In an embodiment of the disclosure, the step of performing regression analysis on the energy distribution of the first signal spectrum to predict the extended energy distribution in the frequency domain according to the first signal spectrum includes: dividing the first signal spectrum into multiple frequency bands, and using the regression analysis to predict the extended energy distribution of the first signal spectrum in the frequency domain above the highest frequency according to the energy relationship between the frequency bands.
In an embodiment of the disclosure, the step of using the head-related parameter to compensate for the extended energy distribution to generate the extended signal spectrum includes: reconstructing the extended signal spectrum that is subjected to head-related compensation and includes information of the extended energy distribution in the frequency domain.

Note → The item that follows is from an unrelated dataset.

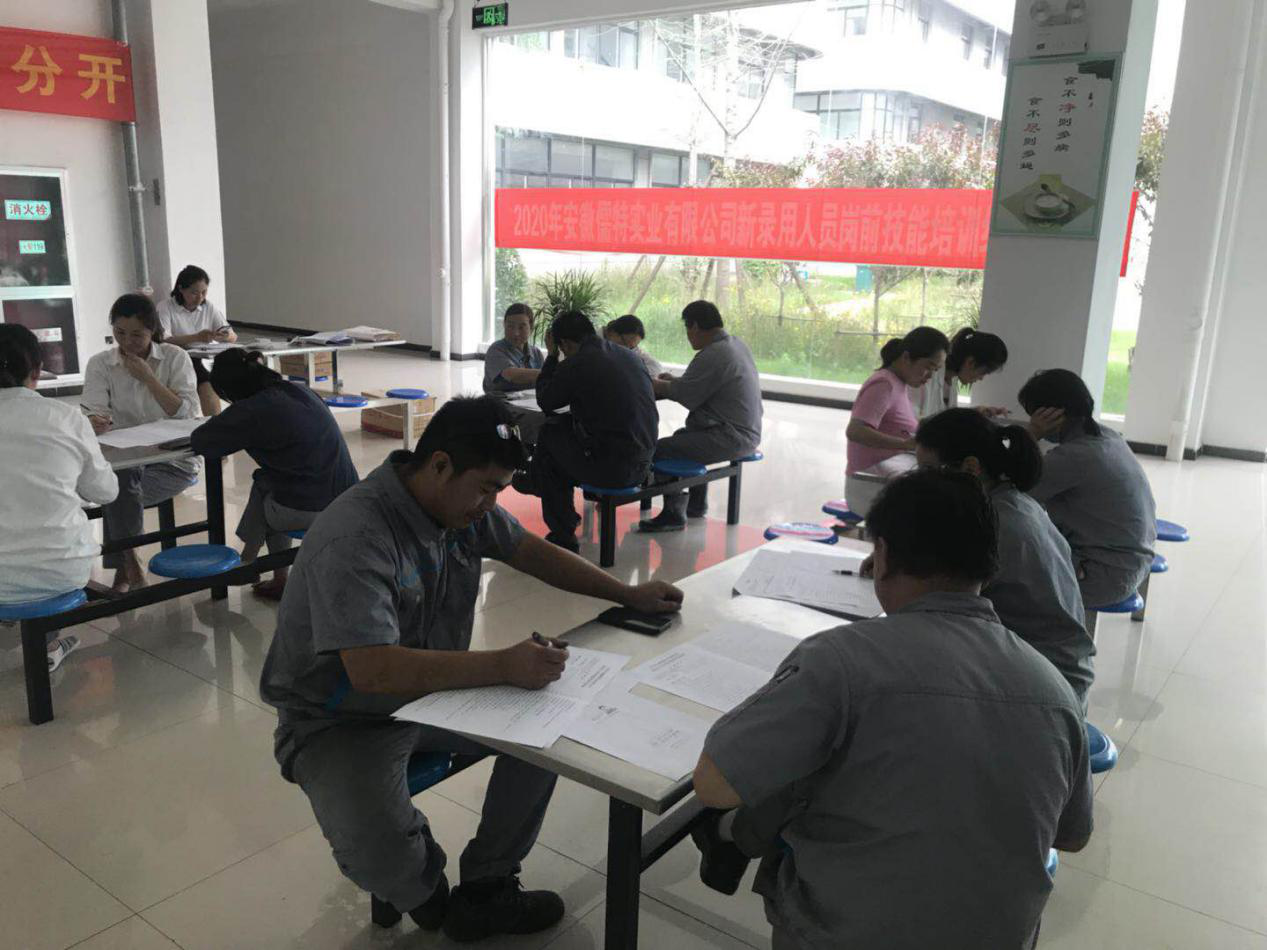 在安徽儒特實業(yè)有限公司和宿州東潤職業(yè)培訓(xùn)學(xué)校的緊密合作下,企業(yè)新錄用人員崗前技能培訓(xùn)圓滿結(jié)束,于2020615日在安徽儒特實業(yè)有限公司召開結(jié)業(yè)考試典禮。

In an embodiment of the disclosure, the step of using the head-related parameter to compensate for the extended energy distribution to generate the extended signal spectrum includes: determining the weight grid according to the head-related parameter. The weight grid is divided into a plurality of weight grid areas corresponding to the plurality of directions of the electronic device, and the energy weights of the sound sources in different weight grid areas are recorded. The energy weight of the weight grid area corresponding to the direction of the first audio signal is selected to compensate for the extended energy distribution in the frequency domain to reconstruct the extended signal spectrum that is subjected to head-related compensation and includes the information of the extended energy distribution.
In an embodiment of the disclosure, the head-related parameter includes the shape, size, structure and/or density of head, ears, nasal cavity, mouth, torso, and the weight grid is adjusted according to the head-related parameter.
In an embodiment of the disclosure, the Hi-Res stereo audio conversion method further includes: receiving a third audio signal of Hi-Res audio data, and converting a third audio signal into a third signal spectrum in the frequency domain. A fast convolution operation is performed on the third signal spectrum and the second signal spectrum to obtain a fourth signal spectrum. The fourth signal spectrum is converted into a fourth audio signal of the Hi-Res audio that is subjected to head-related compensation in a time domain.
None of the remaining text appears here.